NANETS2025 18th Annual Multidisciplinary NET Medical Symposium NANETS 2025 Other Section (13 abstracts)
1Department of Otorhinolaryngology, Head and Neck Surgery - University of Pennsylvania, Philadelphia, PA; 2Renal, Electrolyte, and Hypertension Division, Department of Medicine, University of Pennsylvania, Philadelphia, PA
Background: Tympanic paragangliomas (TPGLs) are rare and mostly slow growing head and neck tumors of the lateral skull base. TPGLs are neuroendocrine tumors arising from neural crest-derived cell clusters. Recurrence rates in the literature have been reported at 0 to 15%, depending on cohort size and mean follow up time.
Methods: Single-institution chart review of tertiary care hospital from 2009-2025.
Results: Among the cohort of 43 patients diagnosed with TPGLs from 2009 to 2025, all patients had a unilateral TPGL, 40 (91%) were women and 8 had recurrent TPGLs (18%). The primary TPGLs were diagnosed from 1994 to 2019, and the recurrent TPGLs were diagnosed between 2010 and 2024. The mean age at the primary TPGL diagnosis was 51.5 years (range 18 to 76 years). The mean age at the recurrence was 62.5 years (range 19 to 83 years). The mean interval of recurrence was 11 years (range 1-20 years). Among this cohort, one patient with recurrent TPGL had an additional pheochromocytoma diagnosed at the same time as the TPGL, and one patient without recurrent TPGL had multiple additional HNPGLs including a facial nerve, bilateral carotid and bilateral vagal PGLs. All patients underwent surgery for their primary TPGLs. For recurrent TPGLs, six patients (75%) had surgical resection while two patients opted for observation. Among the six patients who underwent surgical resection, three required tympanoplasty due to adherent tumor, two required an extensive skull base approach due to expansile tumor growth requiring an infratemporal fossa approach with a fat graft, and one underwent a radical mastoidectomy with closure of the external auditory canal due to extensive recurrent tumor and cholesteatoma. Among the eight patients with recurrent TPGLs, four had genetic testing and one had SDHD mutation. Two recurrent TPGLs were considered biochemically active with either elevated metanephrines or catecholamines.
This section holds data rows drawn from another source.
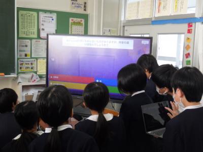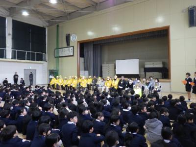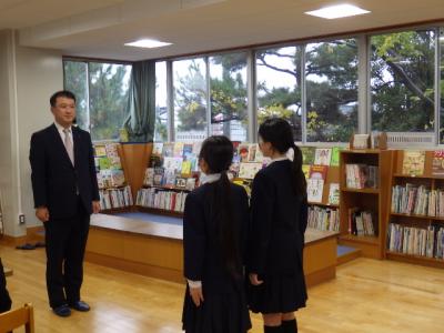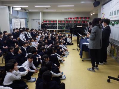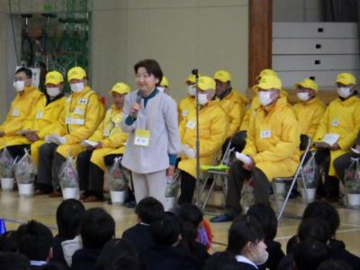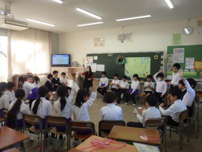 12月9日(水)、5年生を対象に「和食のしつらえ」の授業を行いました。給食食器製造の最大手である「三信化工(東京都に本社)」様より、社長の増田様と講師の海老原様にお越しいただき、和食器に関するお話を聞きました。模様に込められた意味や気持ちを考えることなどを通して、日本や海外の文化のよさに共感し取り入れる大切さを知ることができました。海老原様の語りと興味深い内容に、5年生の子どもたちは引きこまれるように話を聞いていました。お話の後、5年1組が代表して、和食器に盛り付けられた給食を、和の空間で味わう、「和食のしつらえ」を体験できました。お話を伺うと石川県で児童相手に授業を行うのは本校が初めてとのことでした。貴重な食育の機会となりました。本当にありがとうございました。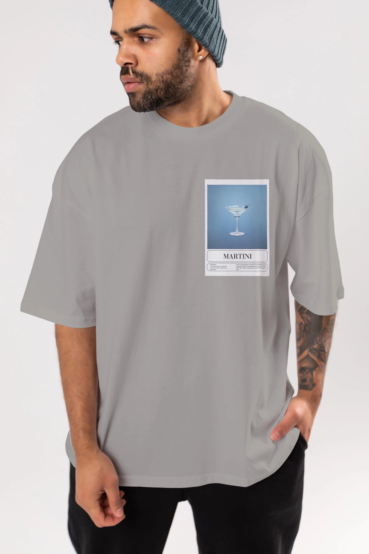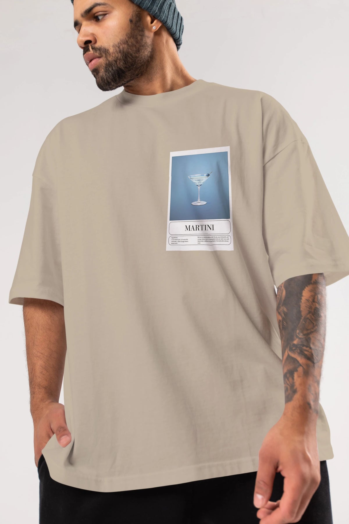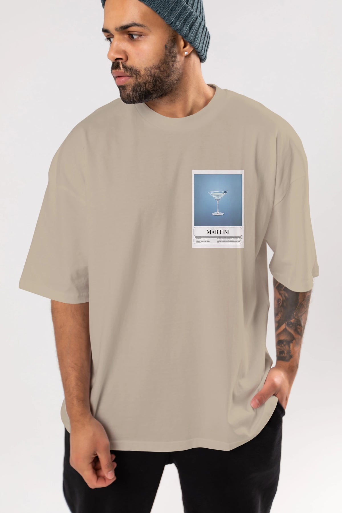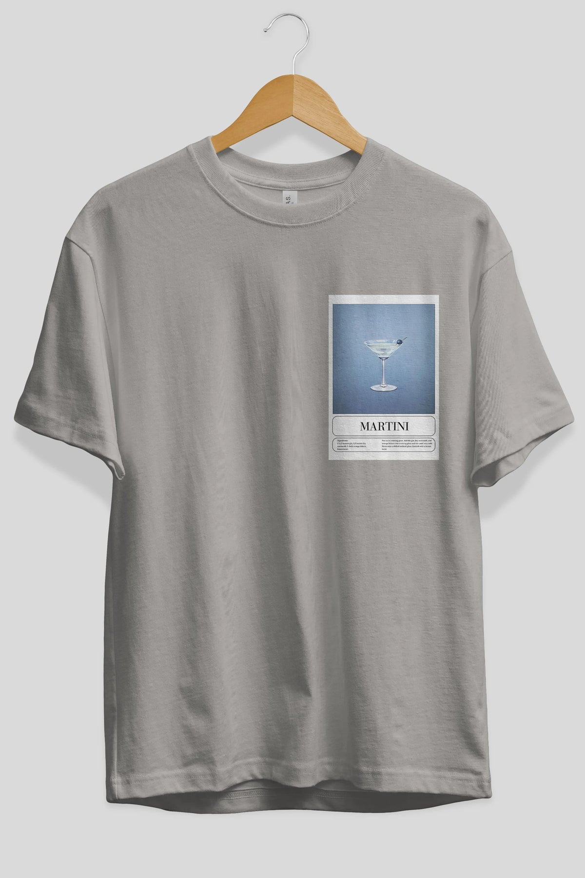 Martini Ön Sol Baskılı Oversize t-shirt Erkek Kadın Unisex %100 Pamuk Bisiklet Yaka tişort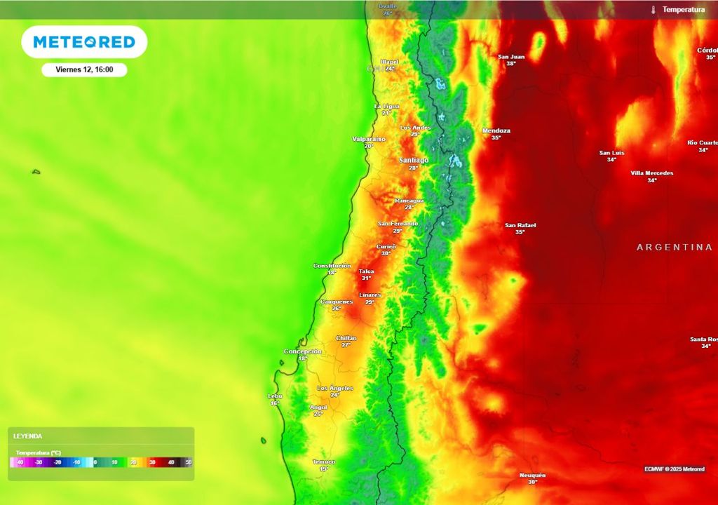 El viernes (12) marcará una transición hacia mejores condiciones climáticas en gran parte del territorio nacional. La zona central disfrutará de cielos completamente despejados y las temperaturas máximas alcanzarán valores destacables: 30°C en Los Andes, 29°C en Santiago y Rancagua, y hasta 32°C en Talca.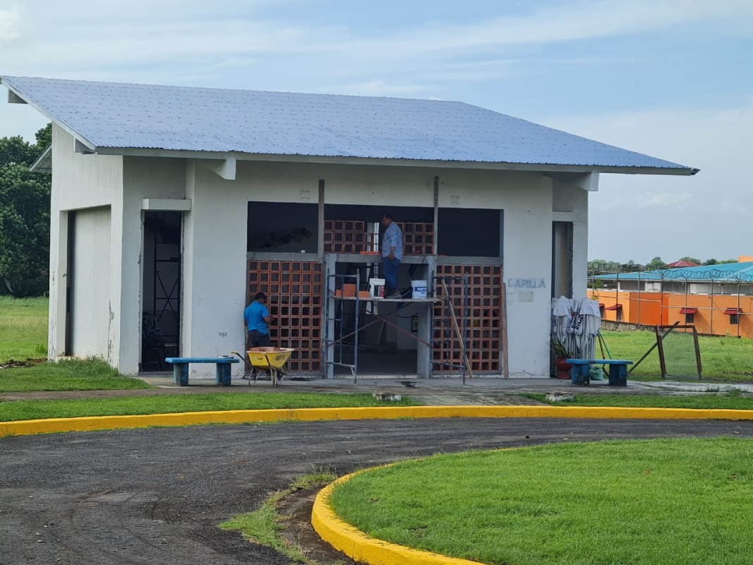 Panamá, 14 de enero de 2025.- Con el objetivo de mejorar la comodidad en las instalaciones de la capilla del Centro de Cumplimiento de Adolescentes de Las Garzas, del Instituto de Estudios Interdisciplinarios (IEI), se realiza una serie de trabajos que incluye cambiar la misma estructura de esta obra, actividad que cuenta con el apoyo de integrantes de la iglesia católica y evangélica de la República de Panamá.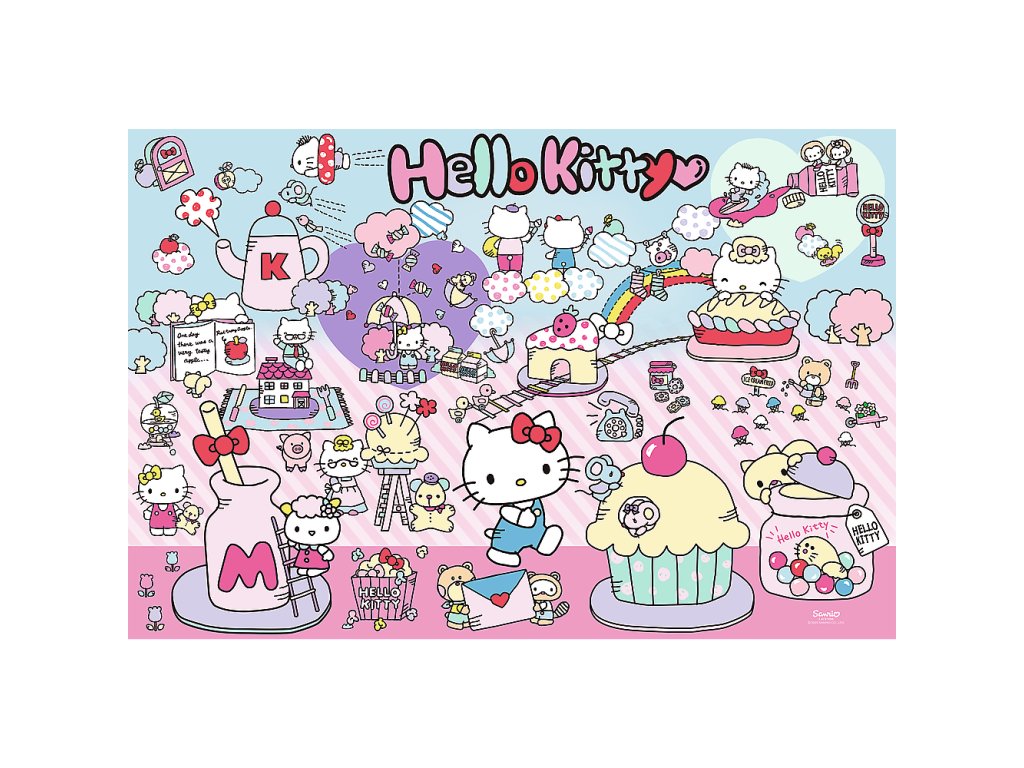 Poznej Svět Hello Kitty je sada skládající se z 300 dílků, která zobrazuje známou postavičku z pohádky Hello Kitty Po sestavení vznikne obrázek o rozměrech 600x400 mm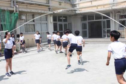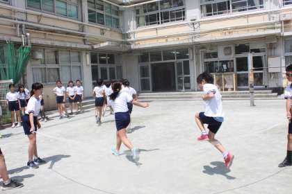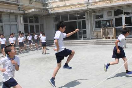 リズム感を大切に、子どもたちのやる気がみなぎる校庭でした。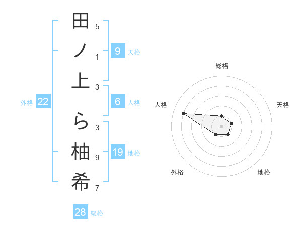 田ノ上 ら柚希さんの総格は28画の1点!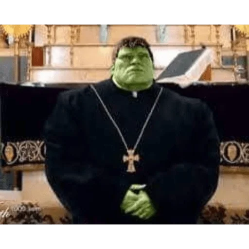 O Hulk vestido de padre, com uma cruz ao pescoço, em um ambiente que parece uma igreja.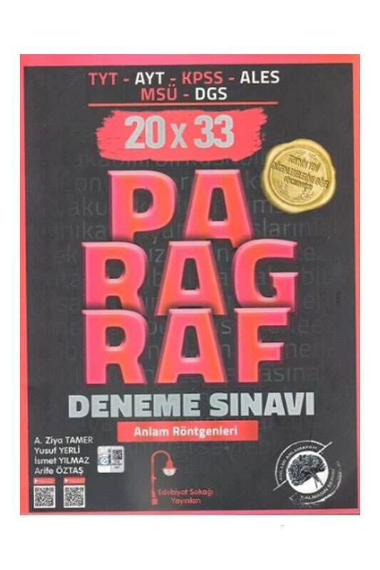 Edebiyat Sokağı TYT-AYT-KPSS-ALES-MSÜ-DGS Paragraf 20x33 Deneme Sınavı
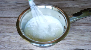 Do menšího kastrůlku nalijte studené mléko. Vsypte do mléka v kastrůlku zhruba tři vrchovaté polévkové lžíce kukuřičného škrobu a důkladně ho metličkou vyšlehejte tak, aby se v mléce úplně rozpustil a nezanechal hrudky. Postavte kastrůlek na kamna a na středním plameni mléčnou směs zahřívejte, dokud se nepřiblíží k bodu varu.

Surgery remained the definitive treatment for both primary and recurrent TPGLs.
Conclusions: The current practice at our institution has evolved to have all patients with TPGLs go for genetic and biochemical evaluation. We also have weekly multidisciplinary meetings to discuss the management. Given the high rate (18%) and long interval (mean 11 years) of recurrence, we believe that TPGLs require long-term follow-up.